(SUPPLIED RECORDS)

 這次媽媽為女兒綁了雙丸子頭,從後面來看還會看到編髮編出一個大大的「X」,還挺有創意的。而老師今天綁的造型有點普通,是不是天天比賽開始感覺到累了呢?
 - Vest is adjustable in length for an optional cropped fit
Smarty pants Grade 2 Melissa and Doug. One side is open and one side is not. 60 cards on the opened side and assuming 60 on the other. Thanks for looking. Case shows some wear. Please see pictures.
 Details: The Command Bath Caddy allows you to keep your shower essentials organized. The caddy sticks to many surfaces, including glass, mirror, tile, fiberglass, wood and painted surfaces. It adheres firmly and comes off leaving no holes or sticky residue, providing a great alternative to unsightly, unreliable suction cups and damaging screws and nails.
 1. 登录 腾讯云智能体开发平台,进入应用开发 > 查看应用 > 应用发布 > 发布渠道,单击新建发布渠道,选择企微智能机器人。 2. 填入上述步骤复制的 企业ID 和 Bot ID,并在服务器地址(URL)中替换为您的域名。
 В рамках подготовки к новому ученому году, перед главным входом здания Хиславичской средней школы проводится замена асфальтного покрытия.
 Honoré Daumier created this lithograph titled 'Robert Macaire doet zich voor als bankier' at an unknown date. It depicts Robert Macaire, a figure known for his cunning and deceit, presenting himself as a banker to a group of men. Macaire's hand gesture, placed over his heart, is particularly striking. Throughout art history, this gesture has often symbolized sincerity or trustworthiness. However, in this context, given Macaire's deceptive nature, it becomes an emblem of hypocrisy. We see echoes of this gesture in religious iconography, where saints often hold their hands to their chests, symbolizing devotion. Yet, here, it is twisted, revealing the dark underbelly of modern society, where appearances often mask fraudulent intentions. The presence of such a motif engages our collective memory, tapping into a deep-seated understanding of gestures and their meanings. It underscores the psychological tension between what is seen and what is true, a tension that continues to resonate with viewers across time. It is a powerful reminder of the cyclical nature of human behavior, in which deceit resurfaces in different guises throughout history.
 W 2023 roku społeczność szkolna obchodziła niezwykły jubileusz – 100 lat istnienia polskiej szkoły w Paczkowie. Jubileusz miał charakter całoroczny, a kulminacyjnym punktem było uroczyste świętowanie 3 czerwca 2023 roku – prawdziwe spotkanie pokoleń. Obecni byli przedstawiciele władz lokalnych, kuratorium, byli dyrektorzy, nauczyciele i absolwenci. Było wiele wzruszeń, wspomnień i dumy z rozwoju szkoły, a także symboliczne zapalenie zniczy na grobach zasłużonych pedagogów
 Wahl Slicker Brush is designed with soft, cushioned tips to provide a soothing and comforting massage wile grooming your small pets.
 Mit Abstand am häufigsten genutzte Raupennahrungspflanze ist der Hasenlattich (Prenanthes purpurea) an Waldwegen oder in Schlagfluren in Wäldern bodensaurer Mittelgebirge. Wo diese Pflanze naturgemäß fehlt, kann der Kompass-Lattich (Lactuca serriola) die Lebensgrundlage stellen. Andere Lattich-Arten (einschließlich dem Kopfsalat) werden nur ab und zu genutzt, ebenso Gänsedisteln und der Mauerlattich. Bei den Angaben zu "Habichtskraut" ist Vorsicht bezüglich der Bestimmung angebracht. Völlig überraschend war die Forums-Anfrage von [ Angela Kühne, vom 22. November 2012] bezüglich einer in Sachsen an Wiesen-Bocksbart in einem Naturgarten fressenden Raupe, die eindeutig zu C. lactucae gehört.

(End SUPPLIED RECORDS)

REQUIRED WORK: Word for word, give back all of the records.

ANSWER SPACE:
 這次媽媽為女兒綁了雙丸子頭,從後面來看還會看到編髮編出一個大大的「X」,還挺有創意的。而老師今天綁的造型有點普通,是不是天天比賽開始感覺到累了呢?
 - Vest is adjustable in length for an optional cropped fit
Smarty pants Grade 2 Melissa and Doug. One side is open and one side is not. 60 cards on the opened side and assuming 60 on the other. Thanks for looking. Case shows some wear. Please see pictures.
 Details: The Command Bath Caddy allows you to keep your shower essentials organized. The caddy sticks to many surfaces, including glass, mirror, tile, fiberglass, wood and painted surfaces. It adheres firmly and comes off leaving no holes or sticky residue, providing a great alternative to unsightly, unreliable suction cups and damaging screws and nails.
 1. 登录 腾讯云智能体开发平台,进入应用开发 > 查看应用 > 应用发布 > 发布渠道,单击新建发布渠道,选择企微智能机器人。 2. 填入上述步骤复制的 企业ID 和 Bot ID,并在服务器地址(URL)中替换为您的域名。
 В рамках подготовки к новому ученому году, перед главным входом здания Хиславичской средней школы проводится замена асфальтного покрытия.
 Honoré Daumier created this lithograph titled 'Robert Macaire doet zich voor als bankier' at an unknown date. It depicts Robert Macaire, a figure known for his cunning and deceit, presenting himself as a banker to a group of men. Macaire's hand gesture, placed over his heart, is particularly striking. Throughout art history, this gesture has often symbolized sincerity or trustworthiness. However, in this context, given Macaire's deceptive nature, it becomes an emblem of hypocrisy. We see echoes of this gesture in religious iconography, where saints often hold their hands to their chests, symbolizing devotion. Yet, here, it is twisted, revealing the dark underbelly of modern society, where appearances often mask fraudulent intentions. The presence of such a motif engages our collective memory, tapping into a deep-seated understanding of gestures and their meanings. It underscores the psychological tension between what is seen and what is true, a tension that continues to resonate with viewers across time. It is a powerful reminder of the cyclical nature of human behavior, in which deceit resurfaces in different guises throughout history.
 W 2023 roku społeczność szkolna obchodziła niezwykły jubileusz – 100 lat istnienia polskiej szkoły w Paczkowie. Jubileusz miał charakter całoroczny, a kulminacyjnym punktem było uroczyste świętowanie 3 czerwca 2023 roku – prawdziwe spotkanie pokoleń. Obecni byli przedstawiciele władz lokalnych, kuratorium, byli dyrektorzy, nauczyciele i absolwenci. Było wiele wzruszeń, wspomnień i dumy z rozwoju szkoły, a także symboliczne zapalenie zniczy na grobach zasłużonych pedagogów
 Wahl Slicker Brush is designed with soft, cushioned tips to provide a soothing and comforting massage wile grooming your small pets.
 Mit Abstand am häufigsten genutzte Raupennahrungspflanze ist der Hasenlattich (Prenanthes purpurea) an Waldwegen oder in Schlagfluren in Wäldern bodensaurer Mittelgebirge. Wo diese Pflanze naturgemäß fehlt, kann der Kompass-Lattich (Lactuca serriola) die Lebensgrundlage stellen. Andere Lattich-Arten (einschließlich dem Kopfsalat) werden nur ab und zu genutzt, ebenso Gänsedisteln und der Mauerlattich. Bei den Angaben zu "Habichtskraut" ist Vorsicht bezüglich der Bestimmung angebracht. Völlig überraschend war die Forums-Anfrage von [ Angela Kühne, vom 22. November 2012] bezüglich einer in Sachsen an Wiesen-Bocksbart in einem Naturgarten fressenden Raupe, die eindeutig zu C. lactucae gehört.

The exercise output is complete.